…the insidious cultural tendency of students to think of themselves as customers…
People keep saying this, but it won’t change the simple fact that students are customers. (And their teachers, by the way, are employees.) Perhaps the more insidious cultural problem is the ubiquitous dissimulation of market relations as non-market relations. For instance, Mr. Almond goes on to refer to my favorite term, “literary citizenship”—what is this but the salesman’s cant moralized?: “Subscribe to my magazine or else you’re a bad citizen!”
Much of what Almond discusses in his essay is true enough—our culture is rotten with a cheap, carping, spectatorial negativity. We’ve forgotten that the spectator’s genuinely broader perspective—furnished by the contingency of distance—comes at the high cost of not acting, not creating. Or rather, we haven’t forgotten it, but tried to repress it, and the resentful whine in our tone is the evidence of our guilty conscience: we piss and moan out of powerlessness, corralled in our media pens, and we know it. I was an early adopter of this mode: you should have seen my blog in 2005, it was a pre-Twitter festival of unremitting outrage toward this or that. And then I realized that not only was such a mode useless—worse than useless, in fact, because it was a stealth mode of advertising for what I supposedly thought pernicious, as all censorious discourse ultimately is—it was a waste of energy that could be put into creation of work I judged beautiful, interesting, and insightful. Because making such work would put me into action, I would lose the spectator’s privilege of absolute judgment, but the rewards (the inner rewards, I mean) would be greater, and they have been.*
But…college students—including those in non-funded MFA programs—are still customers, quite literally. None of the foregoing changes that. As a teacher, I handle this ineluctable fact in the following ways: 1. I transparently explain how what I teach will be useful and necessary to them; 2. I try to teach material of broad necessity and usefulness, scorning the tendency to use the courses I am assigned as mere platforms for my own niche interests (yes, professors, we may be aged and weary of Plato, Shakespeare, and Toni Morrison, but there are 18-year-olds who have not read them yet!); 3. I try to avoid making excessive and unnecessary moral judgments (“entitled!”) on students who, if their behavior is impolite, have simply not yet been taught any better. When my students are wrong, I tell them—nothing in the exchange of services for money prevents that. They may not accept my judgment, but that was the bargain made when we went from feudalism to capitalism. Marx and Engels, after all, praised capitalism extravagantly in the beginning of the Manifesto, precisely because it put an end to the cultural coercions of power relations disguised as ethical relations (i.e., master and man as one happy family).

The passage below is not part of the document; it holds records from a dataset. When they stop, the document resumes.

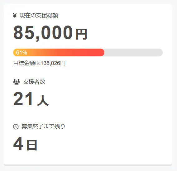 現在の調達率は61%、パトロン様は21名となっております。
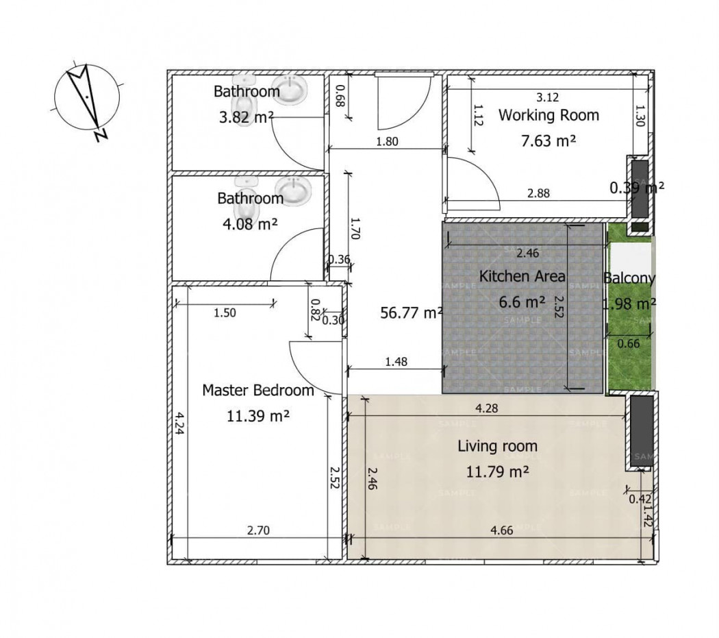 ขนาดพื้นที่ 56.0 ตารางเมตร
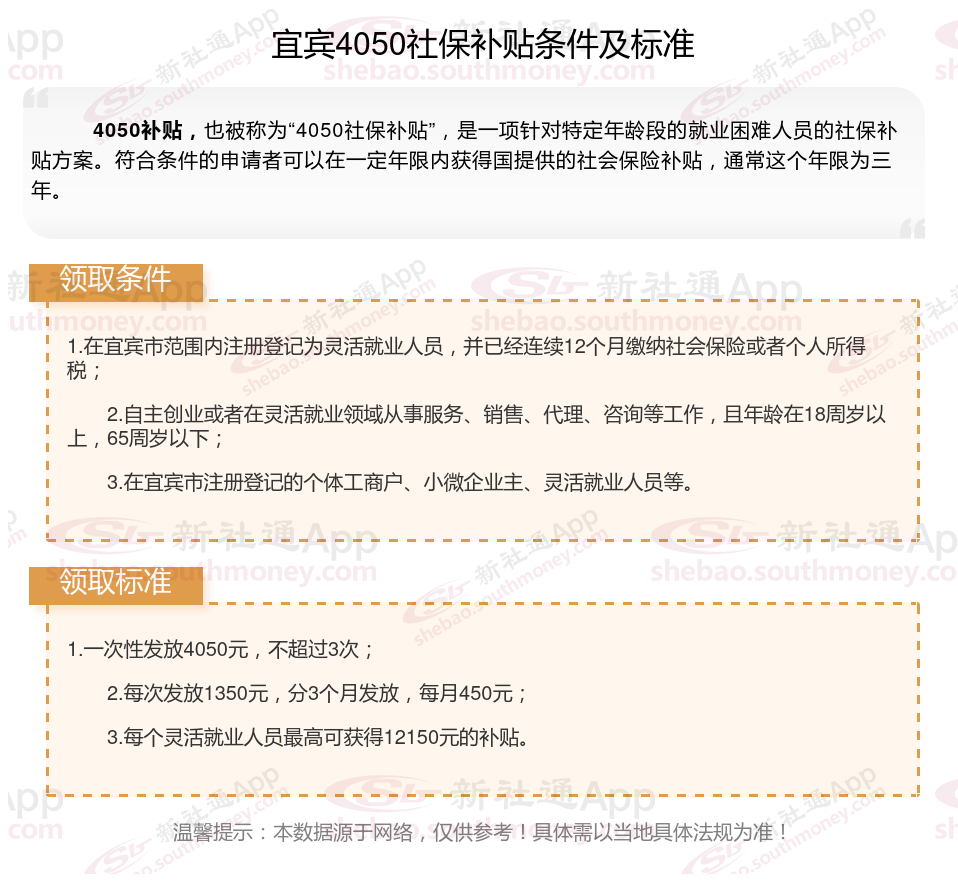 4050社保补贴标准据新社通app小编了解,通常,4050社保补贴包含基本医疗保险和基本养老保险两个险种,社保补贴金额为申请人实际缴纳基本养老保险和基本医疗保险金额的2/3,具体标准以当地社保局公布的数据为准!那么宜宾灵活就业人员4050补贴最新标准是多少,宜宾4050灵活就业人员社保补贴一年可以有多少钱?接下来随新社通APP小编具体了解一下4050社保补贴内容。
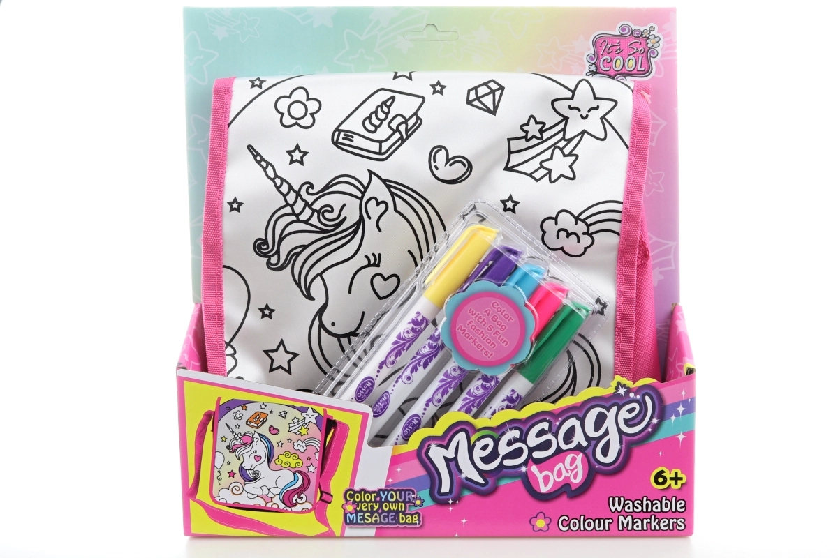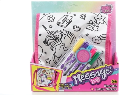 Ontdek het betoverende inkleur-handtasje met eenhoornmotief dat kinderen urenlang creatieve pret biedt. Dankzij de praktische klittenbandsluiting en de roze schouderriem draagt het tasje comfortabel en is het makkelijk te openen. In de verpakking vind je alles wat je nodig hebt – het tasje zelf en 5 kleurtjes, zodat je meteen kunt beginnen.
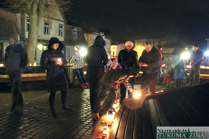 Vienlaikus svētku svinēšana norisinājās Brīvības laukumā, kur tika iedegtas simtiem svecīšu par godu un prieku Latvijai, savukārt 21.00, kad izskanēja kopīgi dziedātā himna, visus iepriecināja svētku salūts.
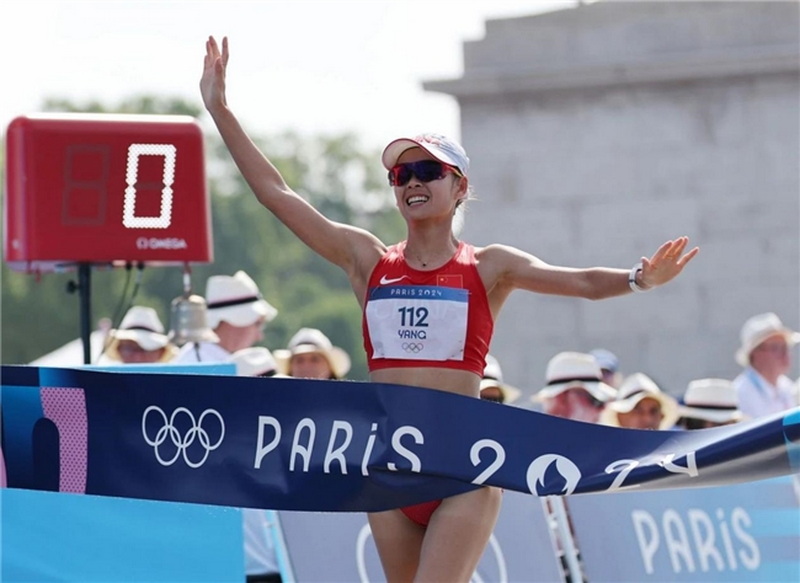 8月1日,楊家玉向終點(diǎn)沖刺。當(dāng)日,在巴黎奧運(yùn)會(huì)女子20公里競(jìng)走比賽中,中國(guó)選手楊家玉奪得冠軍。新華社記者 李鋼 攝(裁切前)

Art is a different matter, in that—unlike education, which may be formalized—it is always an ethical relation between the artist and the world. I believe that art must be shielded from the hasty judgments of the market, at least for a time, usually by the mediation of public or private institutions willing to pay artists for “whatever,” trusting that the “whatever” will eventually prove itself valuable in ways not immediately visible to the money people. To that extent, art must be protected from its customers insofar as they have a consumer mentality. This is because, among other things, mystery is essential to art, the unfathomable is the core of it, transparency is fatal to it. Art, therefore, is anti-capitalist (also anti-socialist, as socialism too is the quantification of the spirit). Education’s rigors lie elsewhere, and while I won’t say there’s no mystery involved in it, the elements of contract, which have no place in literature itself because literature does not deal in fixed quantities, can be respected if one only makes the effort on either side.
* I’m not for a minute coming out against negative reviews; I write them myself—all the time! I’m against ambient negativity, atmospheric sarcasm, a cultural tone in which nothing serious can be discussed. Negative critical judgments are important and essential, as long as they are made with reference to and in service of higher values.